Il largo barranco di Valle Gran Rey è percorso sui due fianchi da diversi itinerari che hanno il pregio di poter essere intrapresi anche in discesa dopo avere raggiunto i relativi punti di partenza tramite il bus locale. In questo modo si scende a valle ritrovandosi poi direttamente a Valle Gran Rey dove siamo alloggiati. L'itinerario odierno è il frequentato sentiero che inizia da El Cercado, un piccolo borgo situato a circa 1000 m di quota. Vi si arriva con l'autobus di linea che si può prendere in località Casa de la Seda. I viaggiatori sono in larga maggioranza escursionisti, ma siamo solo noi due a scendere alla fermata di El Cercado. Le indicazioni sono precise e puntuali e dopo qualche metro di asfalto iniziamo la nostra discesa tra le ultime case. Al mattino la zona è ancora in ombra e fa freddino, ma sembra che la giornata prometta bene. Il sentiero si snoda piacevolmente sul fianco destro del barranco de la Matanza tra vecchi terrazzamenti e muretti a secco.
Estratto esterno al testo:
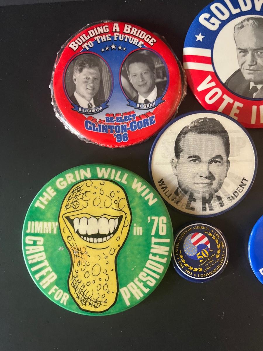LOT 127C: Jimmy Carter Peanut Grin Pin, Clinton, JFK and More Campaign Buttons
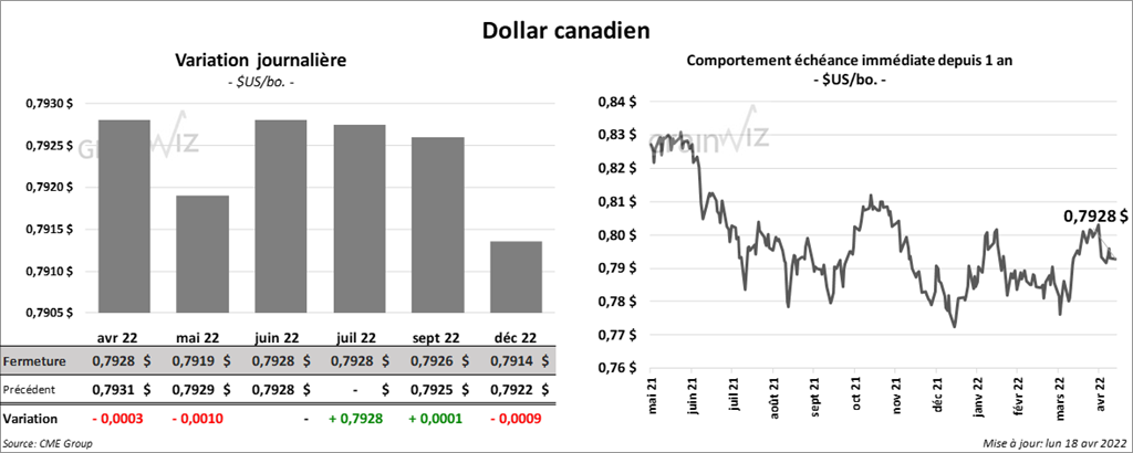 - Le rapport sur la progression des cultures montre qu’au 17 avril dernier, 7 % du blé d’hiver US étaient en épiaison comparativement à 9 % l’an passé et 12 % pour la moyenne quinquennale. Les conditions de cultures se sont détériorées de 2 % par rapport à la semaine précédente à 30 % dans les catégories «bon à excellent». De plus, 37 % des plants étaient dans les catégories «pauvre à très pauvre», ce qui était une hausse de 1 % comparativement à la semaine précédente. Les conditions sèches dans le centre et le sud des Plaines US sont probablement responsables de la détérioration des plants de blé d’hiver US. Par ailleurs, les ensemencements de blé de printemps US ont été terminés à 8 %, ce qui était un retard de 10 % par rapport à l’an dernier. La moyenne des 5 dernières années était de 9 %.
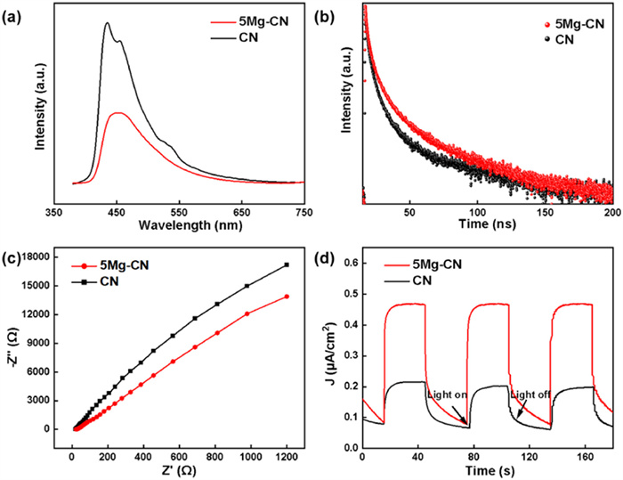 Figure 6  (a) Ambient PL spectra, (b) time-resolved PL decay curves, (c) EIS Nyquist plots and (d) transient photocurrents of CN and 5Mg-CN.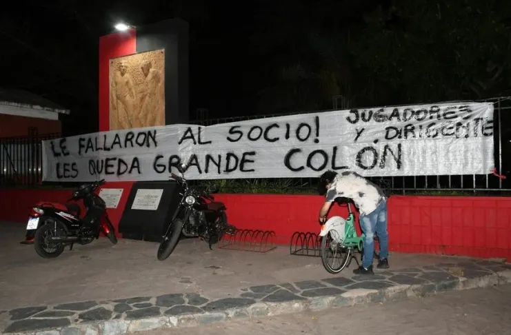La crisis futbolística que atraviesa Colón sumó este martes un nuevo capítulo. Un pequeño grupo de hinchas se congregó frente a la sede del club y colgó una bandera en señal de protesta contra el plantel y la dirigencia, a raíz de las malas actuaciones del equipo en la Primera Nacional.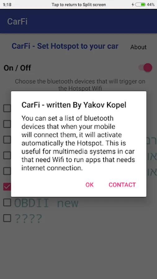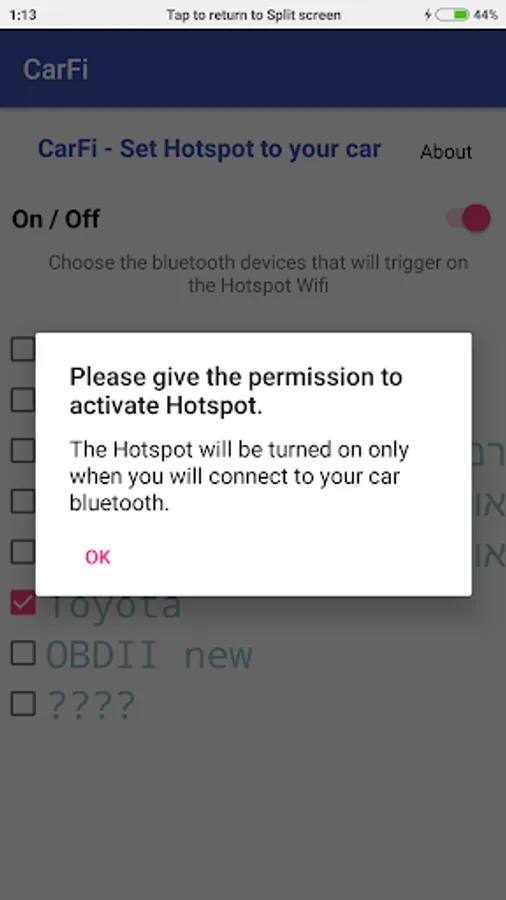 You can set a list of bluetooth devices that when your mobile will connect them, it will activate automatically the Hotspot. This is useful for multimedia systems in car that need Wifi to run apps that needs internet connection.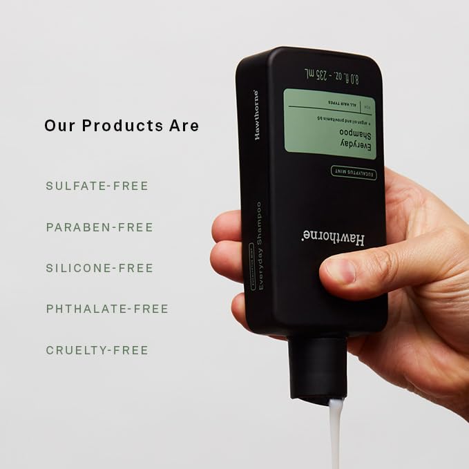 Hawthorne Men's Everyday Shampoo. For Stronger, Healthier Hair with Avocado Oil and Coconut Oil. Mint and Eucalyptus Scent. Sulfate Free, Paraben Free, Mens All Natural Shampoo. 8 fl. oz. 2-Pack.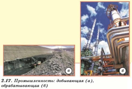 Промышленность подразделяется на добывающую и обрабатывающую. К добывающей промышленности относят добычу различных полезных ископаемых (руд, нефти, угля, газа), заготовку леса, лов рыбы и морского зверя. Очевидно, что её размещение обусловлено расположением добываемых природных богатств. Предприятия обрабатывающей промышленности размещаются по определённым законам в зависимости от того, какую продукцию и как они производят.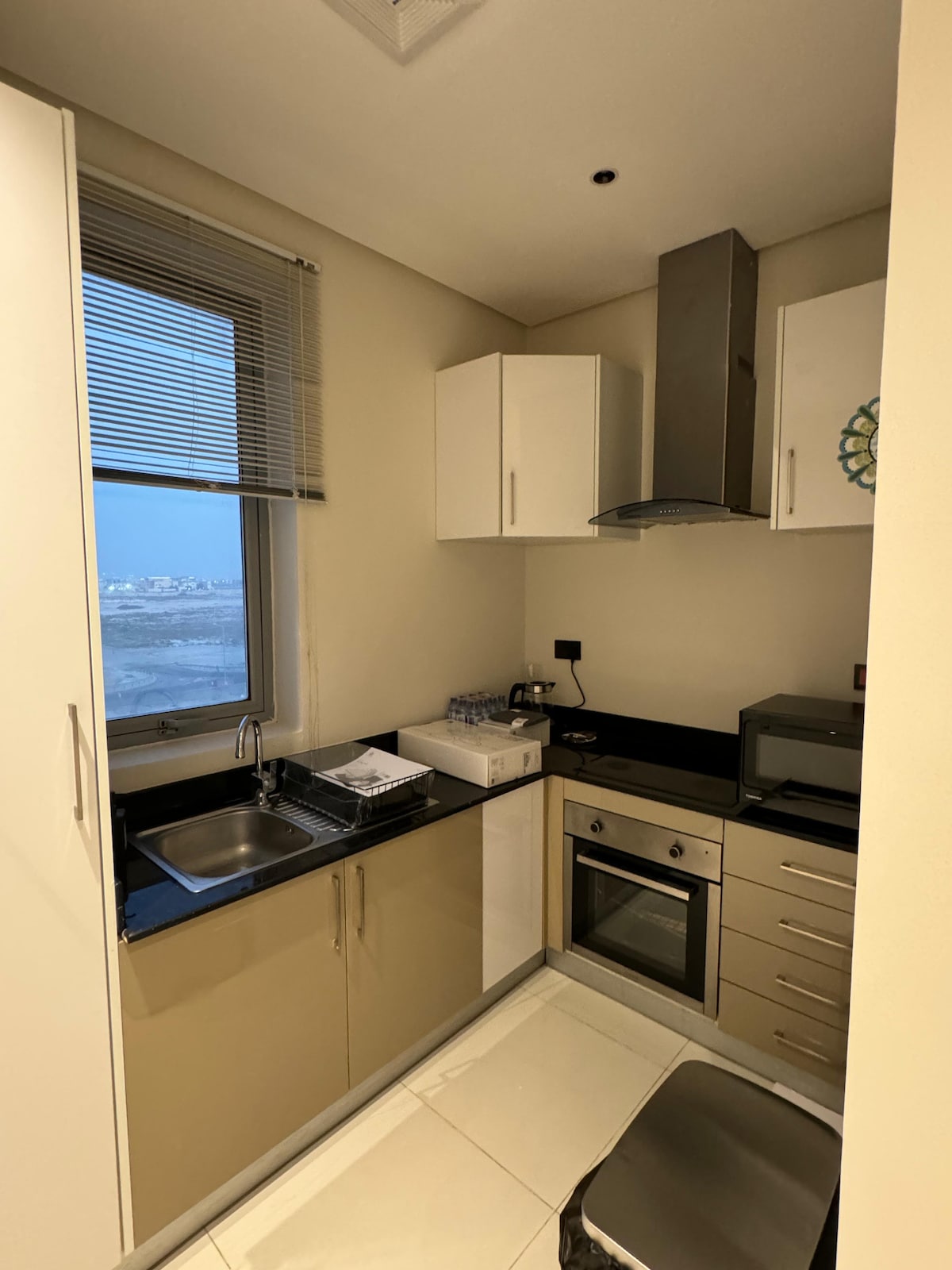 Características del departamento: • Amplio diseño de 96 metros cuadrados con decoración contemporánea • Amplio balcón privado con vistas panorámicas. • Cocina con electrodomésticos de alta gama • Acogedor dormitorio con una lujosa cama tamaño king y amplio espacio de almacenamiento. • Baño moderno con accesorios premium Edificio y servicios: • Gimnasio y piscina de última generación • Seguridad y servicio de conserjería las 24 horas, los 7 días • Espacio de estacionamiento dedicado • Restaurantes, cafeterías y tiendas minoristas en el lugar El centro de la ciudad, el centro comercial Seef, las avenidas a 5 minutos.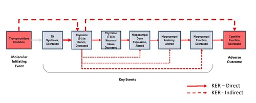 Temporal concordance among the key events and adverse effect: There are two aspects of the temporal concordance of the key events in a developmental AOP. The first is the temporal concordance refers to the degree to which the data support the hypothesized sequence of the key events; i.e., the effect on KE1 is observed before the effect on KE2, which is observed before the effect on KE3, and so on. This translates to the temporal concordance of the AOP from TPO inhibition to decreased TH synthesis, reduced circulating TH concentrations, decreased nervous system TH, altered gene expression and anatomy in the hippocampus, and subsequent alterations in hippocampal physiology that result in decrements in cognition. The strength of the temporal concordance between these KEs varies from weak to strong (see Appendix Tables and individual KEs for detailed information). There is strong evidence for the early direct KEs from both empirical and modeling studies, and for many of the later KEs via the indirect KERs. The temporal concordance between TPO inhibition and TH synthesis is clearly evidenced by data from ex vivo and in vitro studies, as well as computational models (Leonard et al., 2016; Degon et al., 2008; Zoeller and Crofton, 2005; Cooper et al., 1983; Goldey et al. 1985; Christenson et al 1995). Data supporting the temporal concordance for the later KEs, i.e., from serum TH to changes in hippocampal physiology are limited or lacking.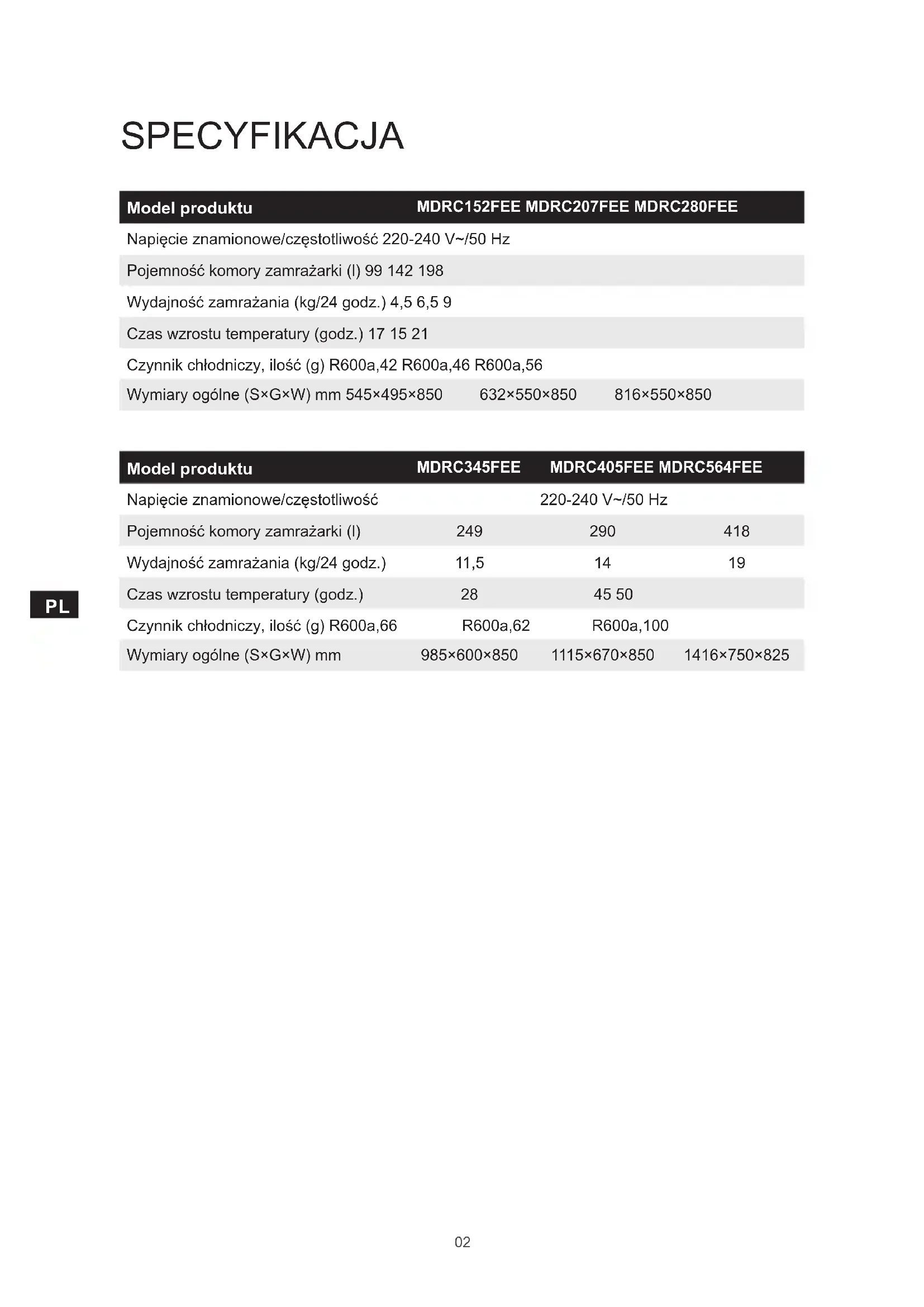 Napięcie znamionowe/częstotliwość 220-240 V~/50 Hz Pojemność komory zamrażarki (l) 249 290 418 Wydajność zamrażania (kg/24 godz.) 11,5 14 19 Czas wzrostu temperatury (godz.) 28 45 50 Czynnik chłodniczy, ilość (g) R600a,66 R600a,62 R600a,100 Wymiary ogólne (S×G×W) mm 985×600×850 1115×670×850 1416×750×82503

01-La vegetazione nel barranco de la Matanza 01-La vegetazione nel barranco de la Matanza
02-Il verde brillante degli antichi terrazzamenti 02-Il verde brillante degli antichi terrazzamenti
03-Agavi ed euforbie sulla linea di crinale 03-Agavi ed euforbie sulla linea di crinale
04-Macchie di colore sul fianco del barranco04-Macchie di colore sul fianco del barranco
Scendendo ancora ci si accosta alla linea di cresta alla nostra destra, in un punto in cui è facile avvicinarsi uscendo dal sentiero. Lentamente ci si avvicina al fondo del barranco e lo si oltrepassa nel punto in cui da sinistra arriva anche il sentiero da Chipude (possibile alternativa). Una breve deviazione ci porta nuovamente in cresta presso un magnifico belvedere sulla ampia valle Gran Rey e i suoi paesini. Raggiunto il fianco sinistro del barranco, ha inizio un piacevolissimo falsopiano tra asfodeli e agavi che segue l'andamento di una vecchia canalizzazione. Il paesaggio è davvero splendido: qui fanno la loro comparsa i primi mandorli fioriti che spiccano nel verde chiaro della vegetazione. La nostra discesa nel barranco de la Matanza continua con il sentiero che ora corre molto alto sopra il fondo mentre in lontananza si intravede la sagoma della Ermita di Nostra Señora de Guadalupe. Al bivio per Gerian, decidiamo di compiere la breve deviazione per visitare la chiesetta, raggiunta anche da una pista.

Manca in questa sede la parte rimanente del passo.